Tuesday’s April retail figures are expected to show tangible gains, thanks to steady vehicle sales. Despite rising inflation, economists predict that it will rise to 0.8% after 0.7% in March.
Along with reports on the U.S., and regional data on production activity will also be released. Home data is expected to cool as mortgage rates rise.
The central bank chairman will speak on Tuesday and is expected to reiterate that the US Federal Reserve will raise rates by half a percentage point at each of its next two meetings.
Other central bank representatives for the week include the chairman of the Central Bank of New York, the chairman of the St. Louis Fed, the chairman of the Philadelphia Fed and the chairman of the Chicago Fed.
Meanwhile, gold rose to a three-month low in the previous session on Monday as lower US Treasury yields outpaced demand for zero-yield gold by key psychological support of $ 1,800 an ounce.
COMEX gold futures traded at $ 1,806 / oz, down $ 16.40 or 1%, after reaching $ 1,808.20 / oz on Friday.
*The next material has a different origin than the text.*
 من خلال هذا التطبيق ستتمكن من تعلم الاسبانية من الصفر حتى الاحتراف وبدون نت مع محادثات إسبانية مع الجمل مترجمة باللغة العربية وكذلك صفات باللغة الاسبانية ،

Friday’s session was at a low of $ 1,797.45, which has not been seen since January 30. Gold ended 4% lower last week in June.
Skcharting.com’s Dixit said gold could return to $ 1,700 territory if it fails to break the continued resistance between $ 1,836 and $ 1,885, despite recovering from a low on Friday.
“As the current trend has become paradoxical, sellers are more likely to test these resistance zones,” said Dixit of Sporting, which uses the spot gold price for its analysis.
“As the price of gold is lower in the short term, it will reach $ 1,800 and $ 1,780 – $ 1,760. A decisive decision may increase the limit to $ 1,880, otherwise the bear pressure will push gold towards $ 1,800- $ 1,780. It will fall to $ 1,760 in the coming week.”
But if gold breaks and stays above $ 1,848, its rally could extend to $ 1,885 and $ 1,900, he added.
In wheat, India initially announced a blanket ban on wheat due to shortages in domestic supply. But then he said at the government level he would open a window to export grains to countries with food shortages.
Wheat for July delivery on the Chicago Stock Exchange rose to $ 12.49 a bushel after the ban, up from $ 12.98 in March 2008, just months before the financial crisis of that year.
“Wheat’s long $ 2 consolidation closed a firm break above the $ 11.50- $ 11.80 level and stood at $ 12.00 perch during the week with strong momentum,” Skcharting’s Dixit said.
“If a sustained rally continues above the $ 12.00 mark, prices are expected to move into the $ 13.50- $ 14.00 range.
Disclaimer: Parani Krishnan uses many other ideas besides his own to bring diversity to his analysis of any market. In the interest of neutrality, it sometimes offers different and different views of the market. It does not occupy positions in writing materials and papers.